Each man developed an ever increasing physical momentum the deeper we got into the process. As the weeks slipped by, as each man saw the irrefutable physical changes, they naturally exerted more effort in the gym, during their walks and they ate with ever greater discrimination - all of which further amplified results.  Jim Vee shed 25 pounds of fat and added 5 pounds of muscle in 49 days. It took Beck 70 days.  

On day one of week one Beck was able to perform 2 sets of 10 in the no-weight squat and finished with one tough set of 10 reps holding a 25 pound plate. These were deep pause squats: on day 64 Beck barbell-squatted an ultra-deep set of 5 reps with 125 pounds. On week one, day one Beck deadlifted a 54 pound kettlebell for 10 reps and pulled 135 for 5 tough reps in the Sumo deadlift. 70 days later he deadlifted 205 for three easy reps.  

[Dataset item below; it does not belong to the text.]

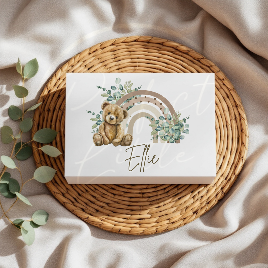 Celebrate life’s most precious moments with this charming personalised keepsake box, featuring a gentle beige bear and soft rainbow design – perfect for neutral nurseries and timeless baby gifts.
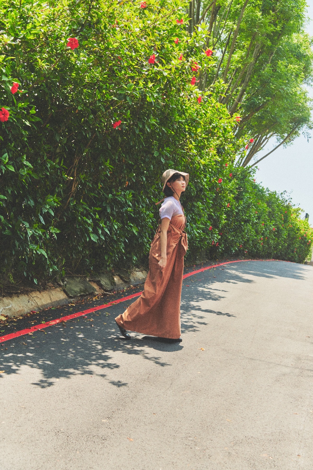 隨著腳步移動而飄逸的裙襬,有著沈穩又優雅的大地色,這件來自捷克軍用洋裝改製的 F5 Vintage Czech Strap Heavy Medical Dress,原本是件長版罩衫,將版型改為平口洋裝,隨著內搭衣服的變化,讓造型更有新意。延續衣料的挺實,我們用透膚的丹麥網衣製造衝突感,讓視覺不那麼沈甸甸,接著配上 HALO COMMODITY 的 Chip 與 REMADE F5 綁帶襯衫,透過小地方妝點視覺的平衡。

On day one of week one Jim Vee hit a set of 30 reps, then 20 and finally 16 reps in the 'no-weight' pause squat: on day 45 JV blasted up two sets of 8 reps with 140 pounds in the barbell back squat. In week one on day one Jim sumo deadlifted a 54 pound kettlebell for three sets of ten reps: on day 46 he deadlifted 225 for a triple.

It's one thing to lose body weight - it's quite another to lose body fat while adding muscle in the process. Both men continue to roll on.  I am all about "teaching people to fish" instead of continually "selling them fish." These two men now understand the 'system' and at this juncture each man has successfully been taught how to fish.